There is nothing like a family gathering to remind you of who you are and where you come from. If Christmas dinner with the second cousins didn’t do the trick this year, there is always an interactive portraiture exhibition at the Ashburton Art Gallery that can help you to see yourself in a new light. Classic portraits by Rita Angus and Frances Hodgkins sit alongside photographs of All Black’s Supporters, while easels around the gallery encourage visitors to try their own hand at the artform. I took my visiting family to check it out, and while drawing your nearest and dearest may not be the best course of action if you are aiming to preserve civil relationships, we gave it a go and ended up seeing a new side of each other.
Mum’s favourite artwork was a sculpture of a man and his dog. This may or may not have been a symptom of canine withdrawal, as she left her own pup in Auckland this Christmas and has had to do make do with skype calls home rather than having a dog on the end of her bed.

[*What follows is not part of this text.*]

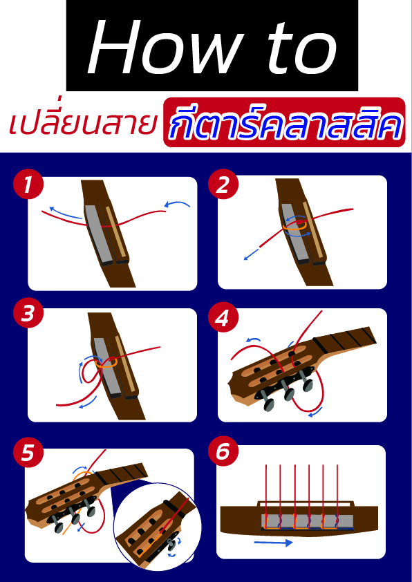 ขั้นตอนที่ 1 เตรียมสายกีตาร์คลาสสิค ในแต่ละยี่ห้อก็จะมีการมาร์คเพื่อบอกขนาดของแต่ละสาย จากนั้นนำสายสอดเข้าตรงรูฝั่งบริดจ์ แนะนำกะระยะเผื่อการมัดผันรอบด้วยนะครับ

Dad preferred Nigel Brown’s lemon tree, while the rest of my cohort made a beeline for the easels. The exhibition offered my man a moment away from the in-laws to try his hand at self-portraiture. Having not sketched since third form art class, the results were impressive. He was not quite game enough to try sketching me or mum however, and decided it was safest to try the light box for drawing silhouettes. Sister two’s hat looked very stylish in profile, and there was less chance of offending her by drawing a wonky nose or forgetting to add eyebrows. (Dad’s abstract version of mum did not go down so well, largely as a result of this omission).
The artworks on display would not look out of place in a city gallery, but the best thing about the exhibition was the range of questions that accompanied the portraits, encouraging the audience to think about what their own version might look like. I never thought I would be answering questions such as ‘What am I wearing’ with ‘gumboots,’ so living in Mid Canterbury has definitely changed the version of me that would be seen in a portrait.
These days I would be with my dog, in my library, with the mountains visible in the background through the window, and there would be a bunch of home grown flowers on the side table, just for good measure. In Auckland I would have chosen a beach setting, with my family in the painting. Gumboots would definitely have been out, and the only thing in a vase would have been a sprig of the impossibly hardy rosemary from under the front steps. Moving south means I have swapped beaches for a beetroot patch and mum and dad for a mutt, but I am proud to show my family this new South Island version of their daughter, in full portrait.